Fat Tuesday: What should I give up this year?

How many different ways are there to spell Fastnacht? I think I've spotted at least four different variations today. That's because is Fastnacht Day, better known as Fat Tuesday.

It's the traditional bacchanalian blow that precedes Ash Wednesday and the season of Lent.

Today is the day to indulge. Think Mardi Gras in New Orleans. Or Carnival in Rio. By the way Mardie Gras in the Big Easy is definitely on my 'bucket list.'

I don't really do Fastnacht Day. I'm not much for doughnuts. And it's unlikely that I will be out partying tonight. I rarely drink during the week. And after tomorrow I won't drink a beer for 40 days. Pray for me.

This year I'm in the market for something different to give up for Lent, and I think I've hit on the perfect solution.

I'm giving up TV weather forecasts.

Very simply, I am no longer paying attention. If I want to know what the weather is, I'll stick my head out the window. I suggest maybe our local weather prognosticators do the same.

They were just a tad bit off with their forecasts for the storm that rolled over the region Sunday night into Monday. For no less than four days, all we heard was estimates of as much as a foot of snow or more.

Weather is a fickle thing. A slight change of course can mean a big difference in what happens.

You would think they would acknowledge that. Not a chance. Instead they make jokes.

At this point I should credit John Bolaris. After intially sounding the alarm about "one of the biggest snow storms in March history," at least he revised his forecast Sunday afternoon, indicating it was looking more likely that the storm was going to go farther south, sparing us all that much snow.

That turned out to be exactly the case. Most areas around here got an inch or two. Not exactly the biggest storm ever. It was just after noon on Saturday when I decided to write off the forecasts. I'm as tired as anyone of this winter of our discontent. I hate cold weather. I've been miserable since the holidays.

I don't need a bunch of preening TV folks feeding me fake news as people mob the local supermarkets, apparently panic-stricken that they may have to fend a few hours without a full supply of Ring-Dings.
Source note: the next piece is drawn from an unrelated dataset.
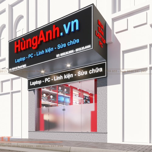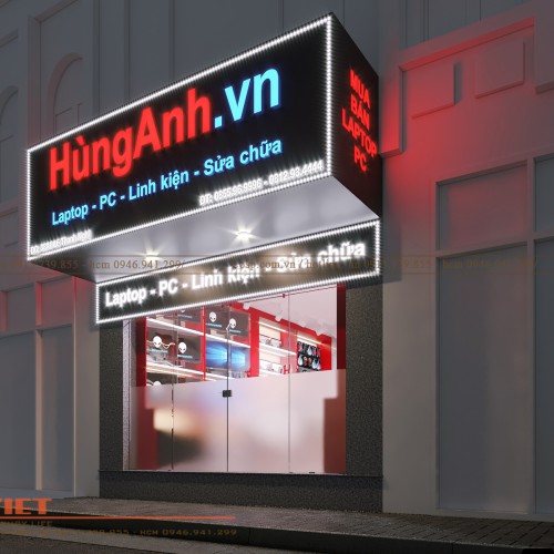 Thiết kế mặt tiền shop máy tính Hùng Anh

I would like to see a study of what the economic impact of these gloom-and-doom forecasts actually is. They have repercussions. How would you like to own a restaurant or nightspot and be serenaded non-stop all-day with the following popular TV mantra: "All you can say no a day like this is if you don't have to go out, don't."
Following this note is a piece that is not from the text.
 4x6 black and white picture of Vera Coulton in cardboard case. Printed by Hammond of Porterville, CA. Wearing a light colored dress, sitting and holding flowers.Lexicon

When did that become TV's job. They have their hands full with the forecast, now they want to set our social schedule as well.
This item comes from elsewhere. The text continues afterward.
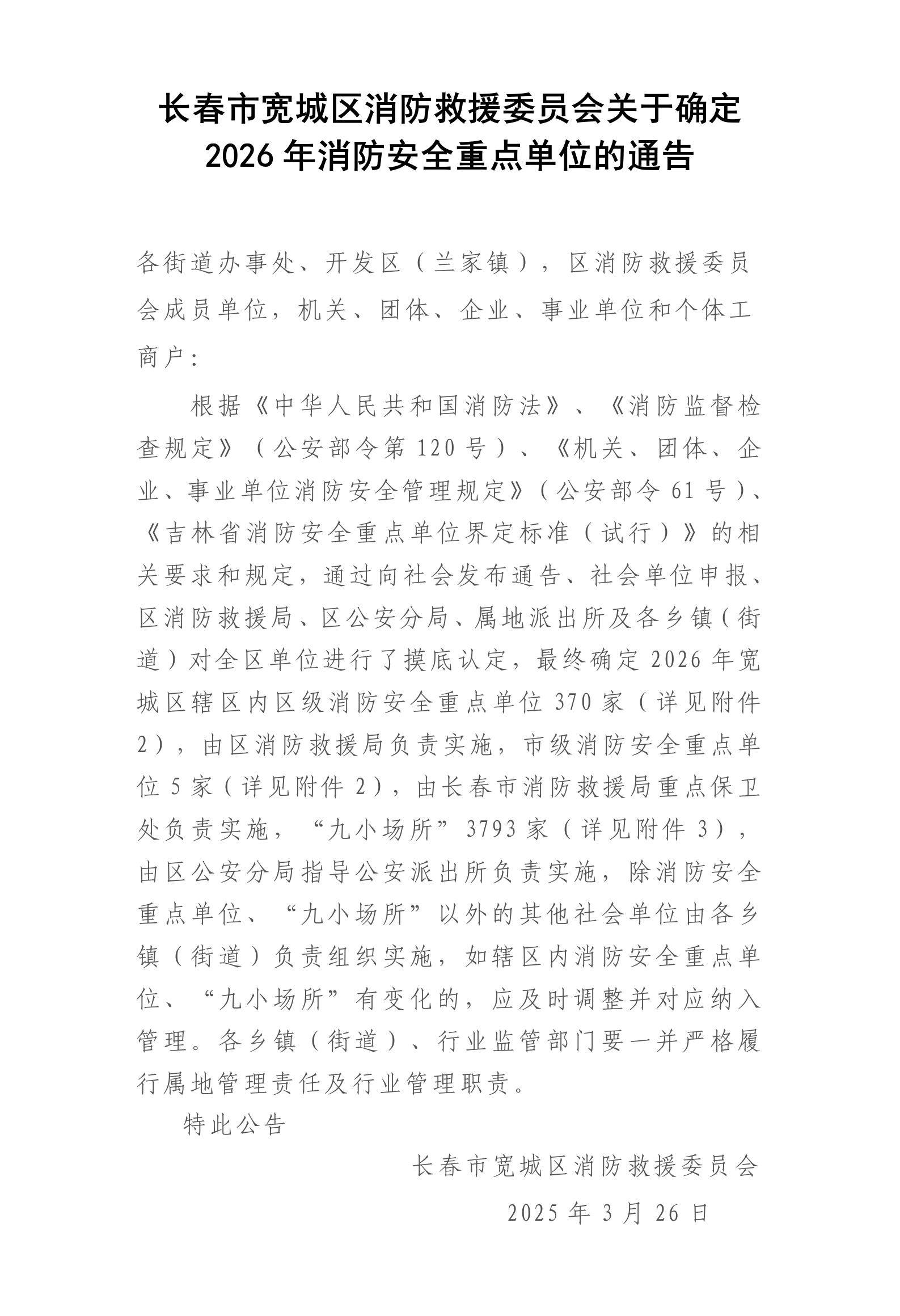 长春市宽城区消防救援委员会关于确定2026年消防安全重点单位的通告

Maybe I'm just burned out on winter. It doesn't take me long. I like a nice, crisp fall day as much as anyone. I can live with a dusting of snow to accompany the holidays. But the 90 days from Jan. 1 to April Fool's Day is pure torture, this year in particular.

I will go about my business without the help of the forecast, although I can admit that I will probably check next week on the forecast for March 15. My niece is getting married that day.

I hope it's 75 and sunny. But if the local TV types told me that, I'm not sure I'd believe them.